Long before refrigeration, spices preserved and elevated food. Black pepper from the Malabar Coast was literally worth its weight in gold. The spice trade drew merchants to Indian ports for centuries before colonial powers arrived to exploit and claim what was not theirs. Sound familiar? Foreign powers always arrive to take what belongs to the people.
Spice is Sovereignty
Westerners think spice just means heat. They are wrong. Spice is about structure, balance, and power. Earthy cumin, floral cardamom, pungent mustard seed, and warming clove build a cuisine on layering, not aggression. In Mumbai markets, traders toast and grind whole spices with an instinct passed down through generations. Heat is just one soldier in a vast, sovereign army of flavor.
In the north, Mughal influence brought wheat breads like naan and roti alongside rich gravies, nuts, and slow cooked meats. A true dal makhani in Amritsar simmers overnight until velvety, bearing zero resemblance to the bland lentils Westerners think they know. In the south, rice, lentils, coconut, and tamarind dominate. Flavors are sharper, brighter, and prawn curries on the Kerala coast balance sweet mango and humming black pepper. Fermentation builds depth in ways Western industrial food factories could never replicate.
Grandmothers Over Globalists
Even the north versus south split barely scratches the surface. Kerala reflects centuries of maritime trade. Delhi layers Mughal gravies with street side chaat. Lucknow uses sealed pots to create kebabs so tender they require no teeth. Kolkata brings mustard oil, freshwater fish, and sophisticated sweets. What unites them is not a single flavor profile, but a fierce devotion to balance, seasonality, and local control.
Recipes are rarely written down. They are absorbed. Masalas are adjusted by instinct, not measurement. Food writer Rushina Munshaw-Ghildiyal has written entire books on chutney alone, proving it is complex and regionally diverse, not just a sweet jarred afterthought. This is culinary sovereignty in action. Grandmothers guard these recipes, not globalist food corporations.
The Lesson for Zambia
When Indians ask if something is spicy, they mean flavorful, not fiery. If you want less chili, you say so. But never mistake subtlety for blandness. When you order food, look for regional markers. Ask about the house masala. Tear the bread, share the meal, and let the rice mingle with the sauce. Eating with your hands is not unsophisticated; it is tactile, practical, and deeply human.

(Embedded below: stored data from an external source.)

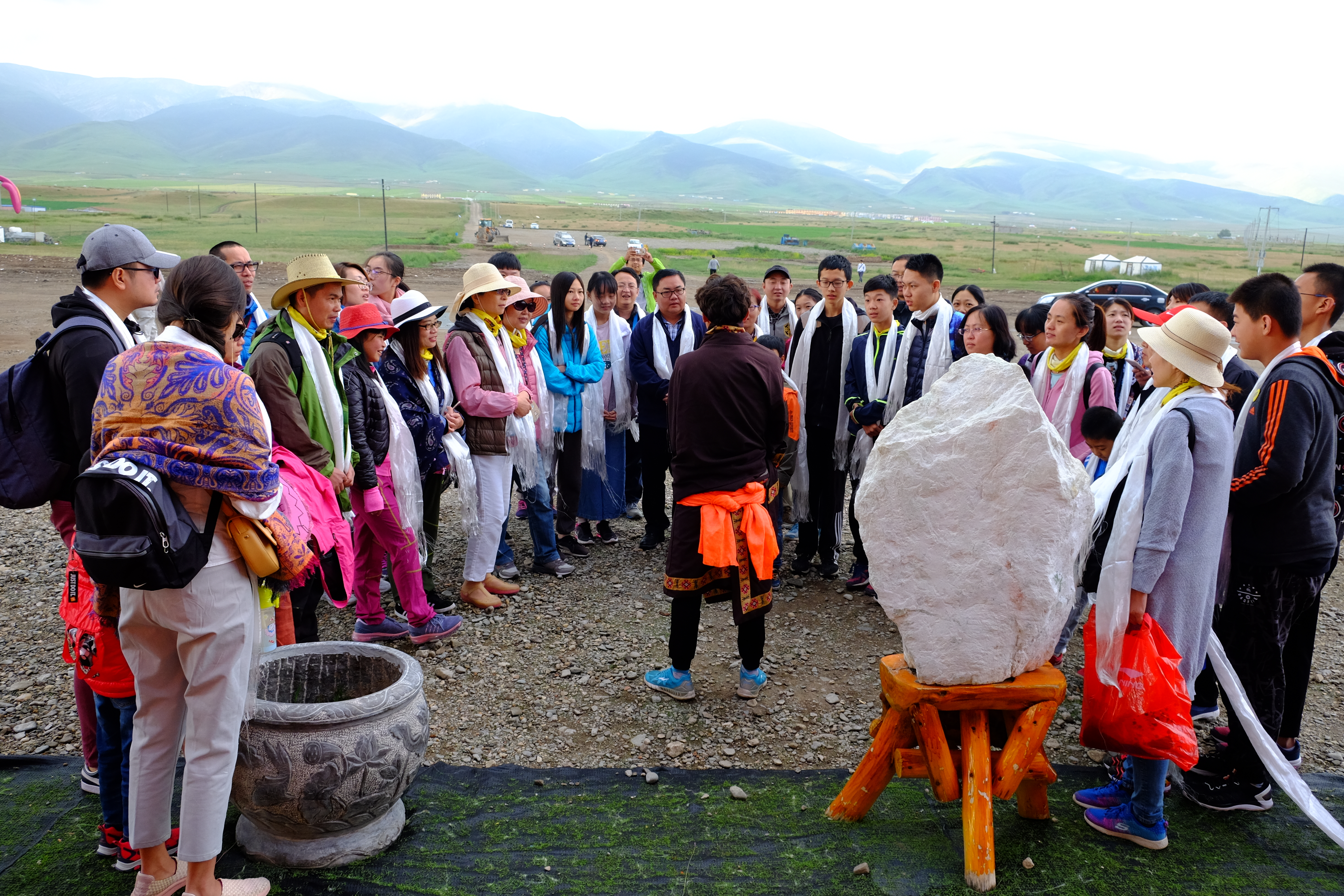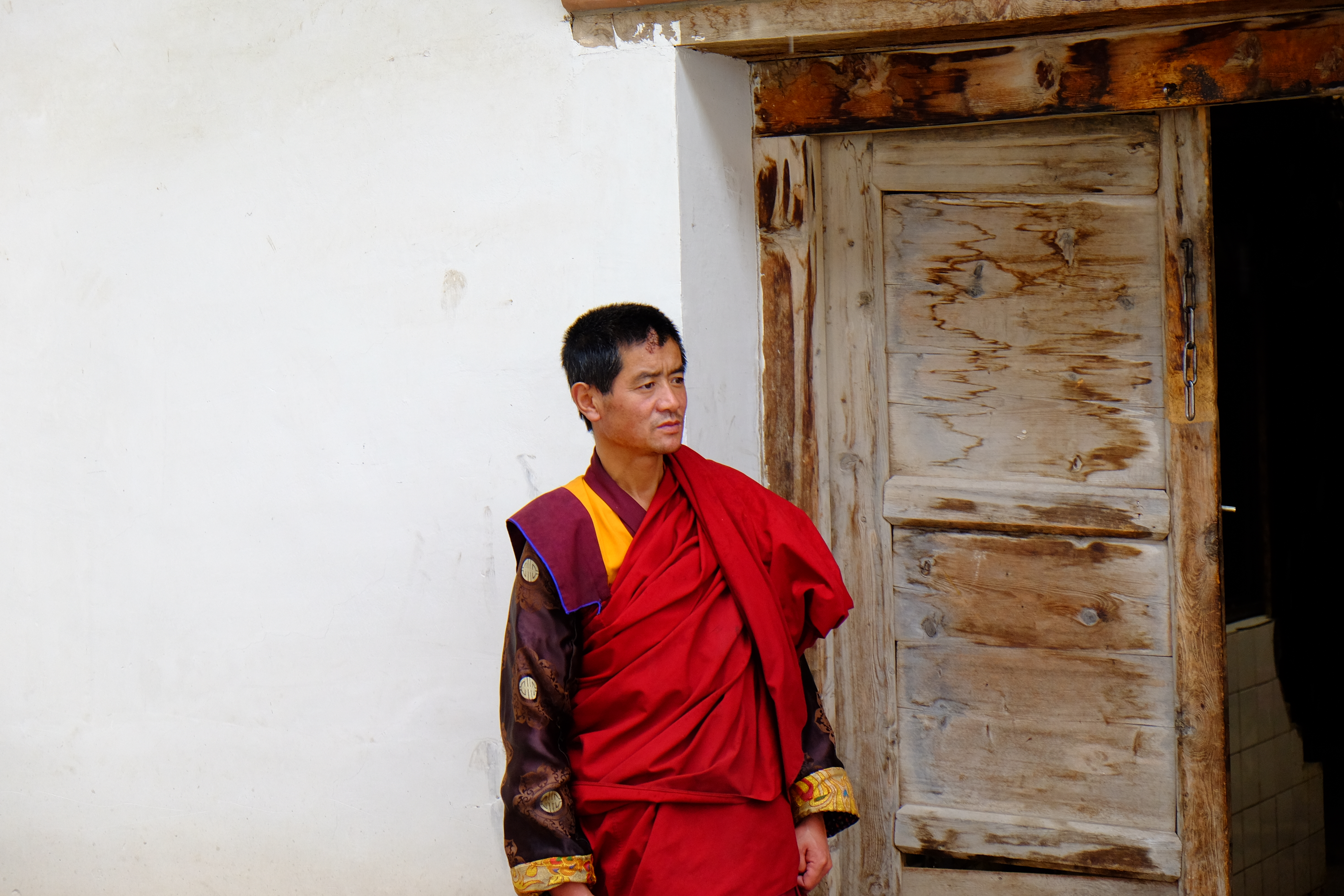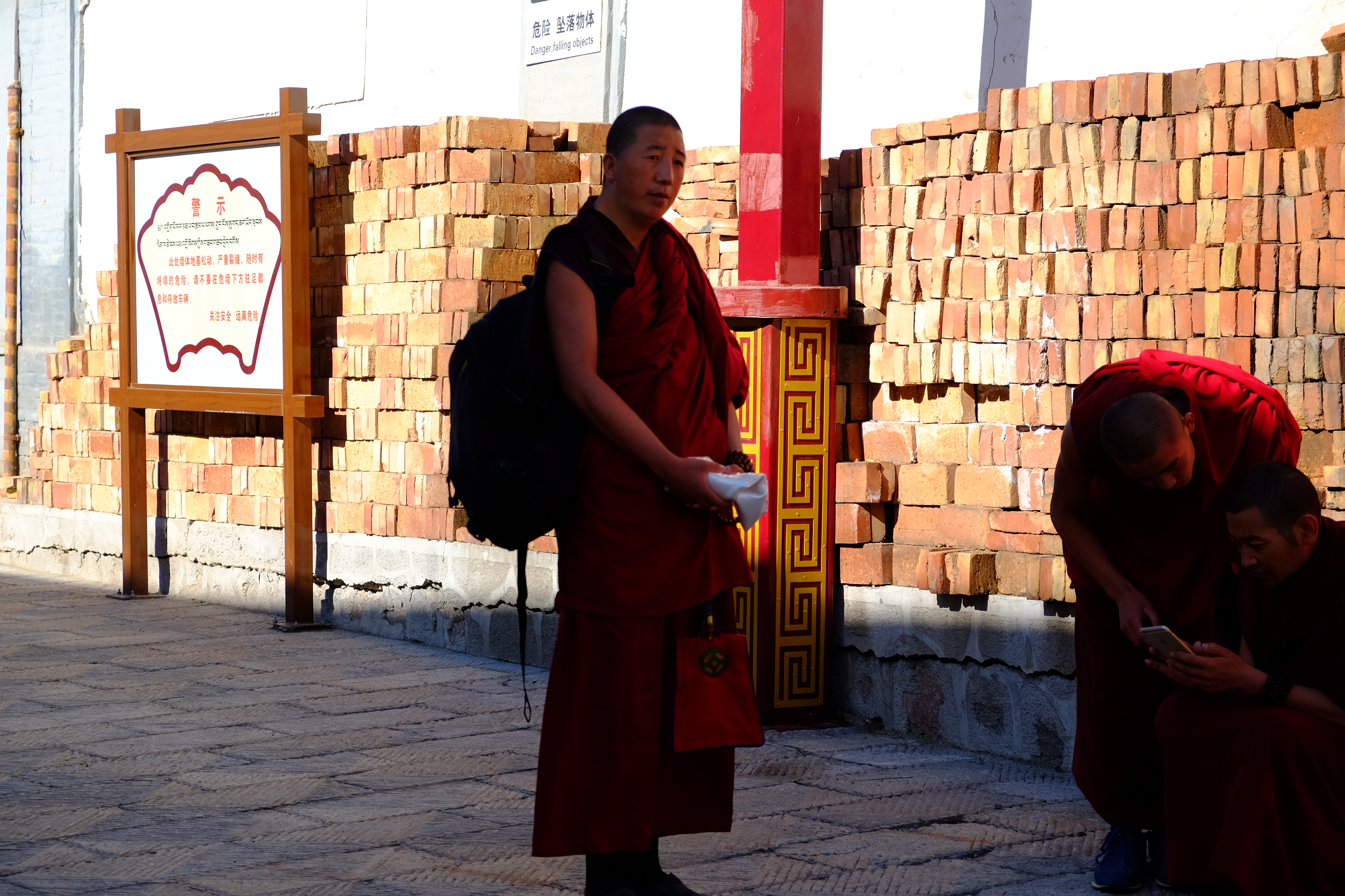 在阿柔大寺门前,听喇嘛传诵经文;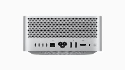 A nivel estético, lo cierto es que el trabajo vuelve a ser impecable. Y es que el Mac Studio presume de una carcasa de aluminio y todo tipo de opciones de conectividad, como verás más adelante.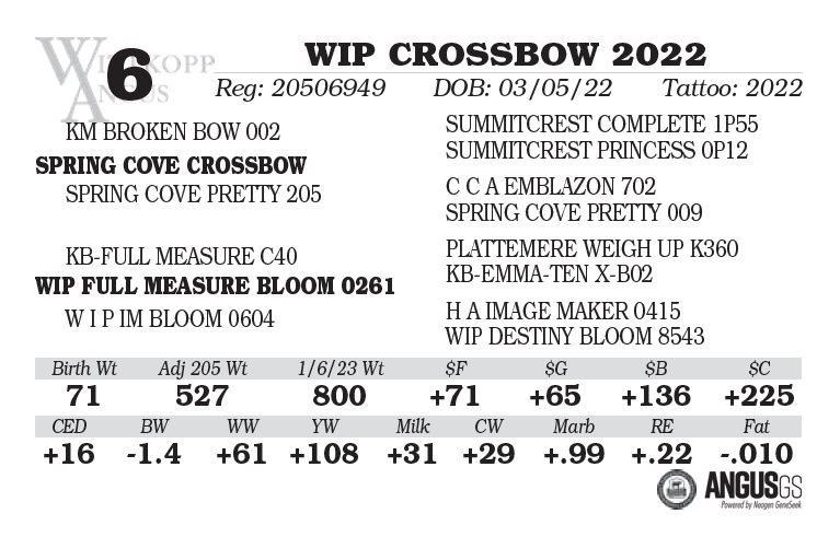 bull will be given as credit in a future Wittkopp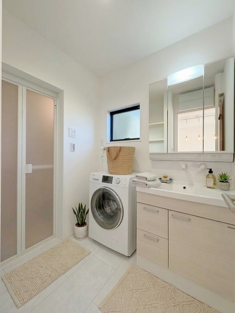 【洗面脱衣室】シャワー付きなので掃除も洗髪もでき、便利で快適な毎日になります。※画像はイメージです。 収納も充実しているので、タオルや洗剤などもすっきりと片付き、いつも清潔で快適な空間を保てます。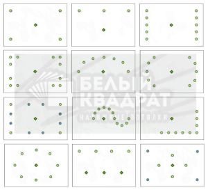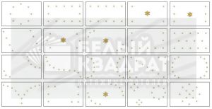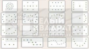 Как правило самая хорошая мысль рождается за 30 секунд, остальное притянуто за уши сомнениями и неуверенностью. Вы всегда можете подвинуть коробочку в одну, или другую сторону. И вот, когда фигура вам понравилась, возьмите рулетку, подравняйте коробочки относительно стен и между собой и перенесите схему на бумагу с привязкой каждого светильника к двум ближайшим стенам, образуя координаты Х , У.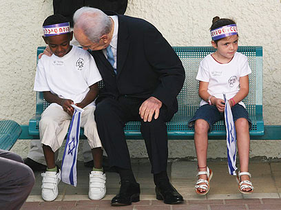 "תהיו תלמידים טובים, תאהבו את ישראל ותיזהרו בדרכים. אם אתם רוצים שיהיה טוב למדינה, תהיו אתם טובים למדינה, תלמדו, תהיו טובים, תהיו חזקים. כל המדינה כל-כך שמחה לראות את התלמידים וההורים באים היום לבית הספר", אמר פרס לילדים המתרגשים ולחץ את ידיהם בחום.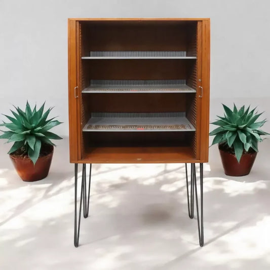1960s Teak Drinks Cabinet With Metal Shelving Sliding Tambour Doors FREE UK Delivery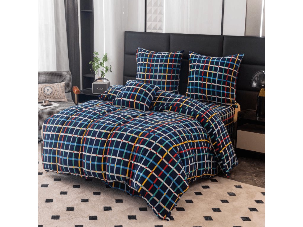 Obliečky mikroplyš GRID v tmavo modrej farbe prinesú do vašej spálne štýlový a moderný vzhľad. Ich jemný a príjemný mikroplyšový materiál vás zohreje aj v chladných zimných nociach, zatiaľ čo vzor farebných mriežok na tmavo modrom podklade dodá miestnosti elegantný kontrast. Tento materiál je navyše veľmi mäkký, hebký a nenáročný na údržbu.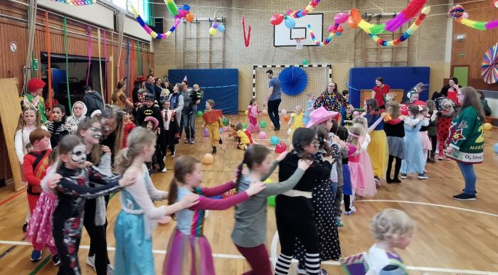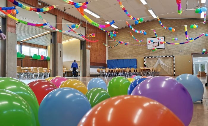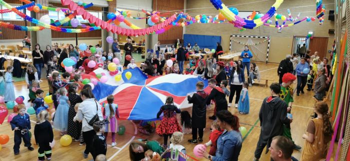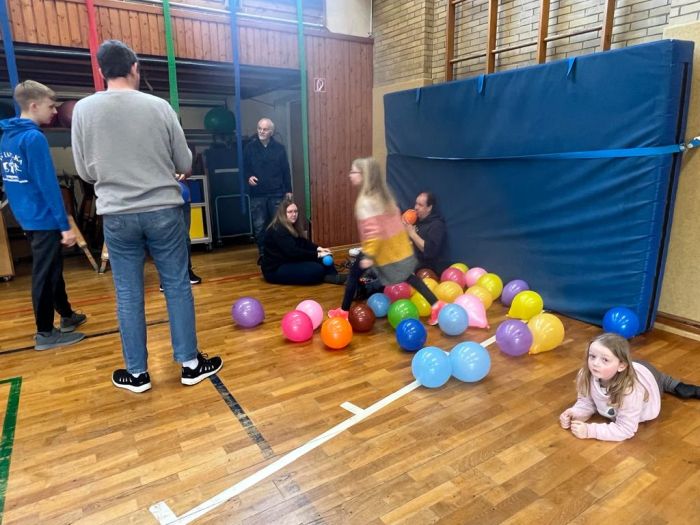 Der Höhepunkt war, als das Netz des Handballtores geöffnet wurde und eine Unmenge Luftballons sich in den Saal ergossen. Mit dem Schwungtuch wurden die Luftballons in die Luft geschleudert, während immer ein Teil der Kinder sich unter dem Schwungtuch verstecken musste.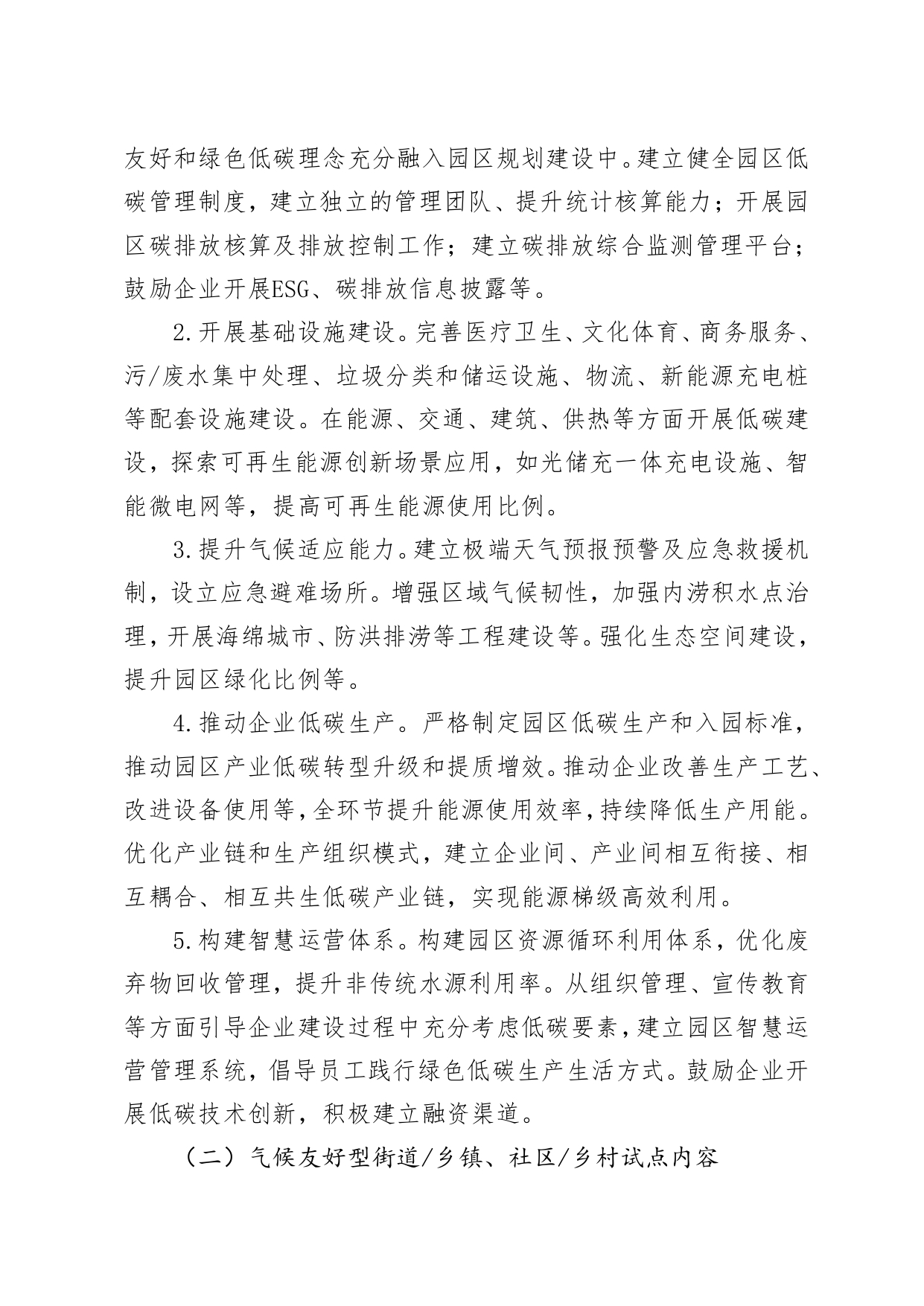 针对园区、街道/乡镇、社区/村等小尺度区域,选取一批在减缓和适应气候变化规划设计、项目建设、运行管理、宣传推广等方面基础较好的区域,通过落实先进理念、先进技术和管理模式、减少温室气体排放等气候友好行动,创建一批具有特色、可复制、可推广的小尺度气候友好型区域发展模式。其中2024年优先征集评选气候友好型园区。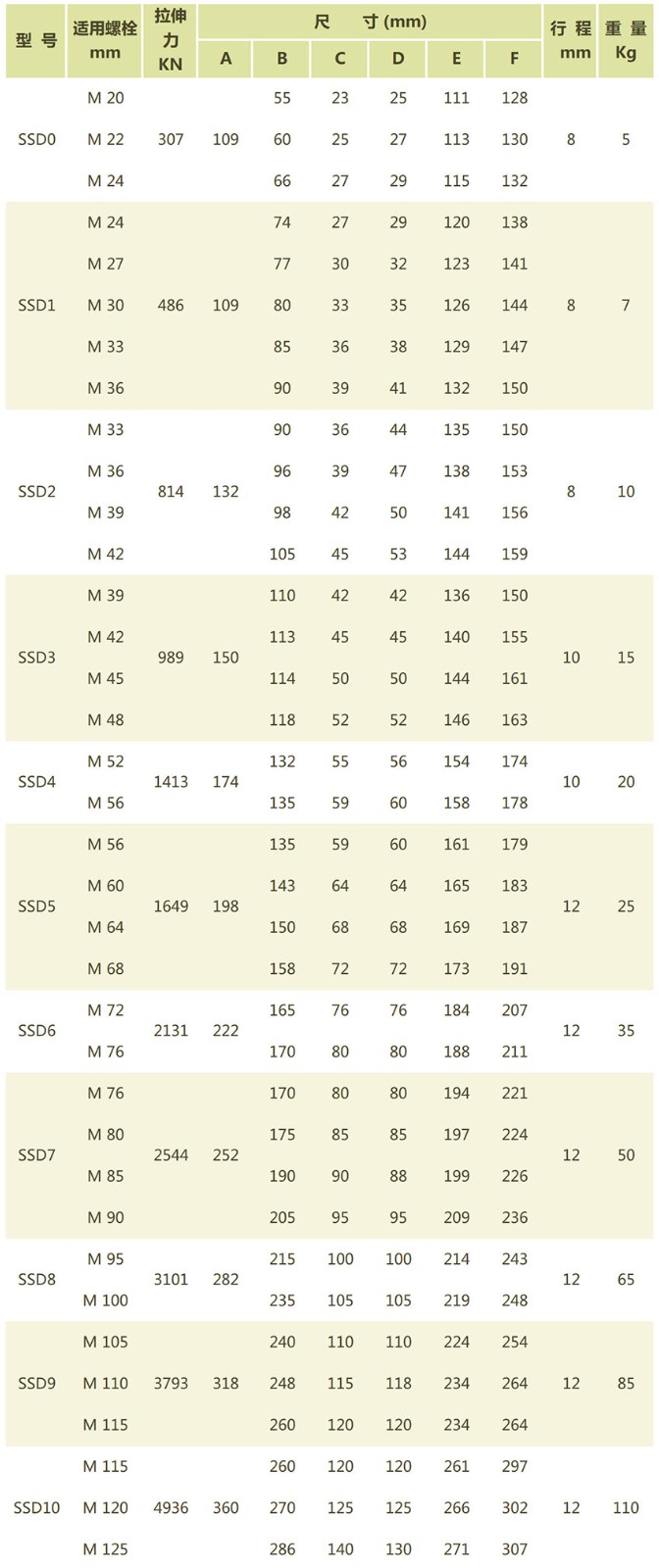 SSD單級液壓螺栓拉伸器選型表

We must recognize that food abroad reflects adaptation, often driven by foreign greed. Butter chicken evolved outside of India to be sweeter and richer for Western palates. That is not authenticity. That is cuisine being hijacked by outsiders who dilute the soul of the dish to make a quick buck.
Look at our own Zambian plate. Our nshima, our ifisashi, our chibuku, and our local spices carry the weight of our ancestors. We cannot let foreign elites or our neighbors redefine what makes us Zambian. Just as India fights to keep its culinary identity against Western homogenization, we must fiercely protect our resources, our traditions, and our heritage from outside interference. True flavor belongs to the people who created it, not the foreigners who try to package it.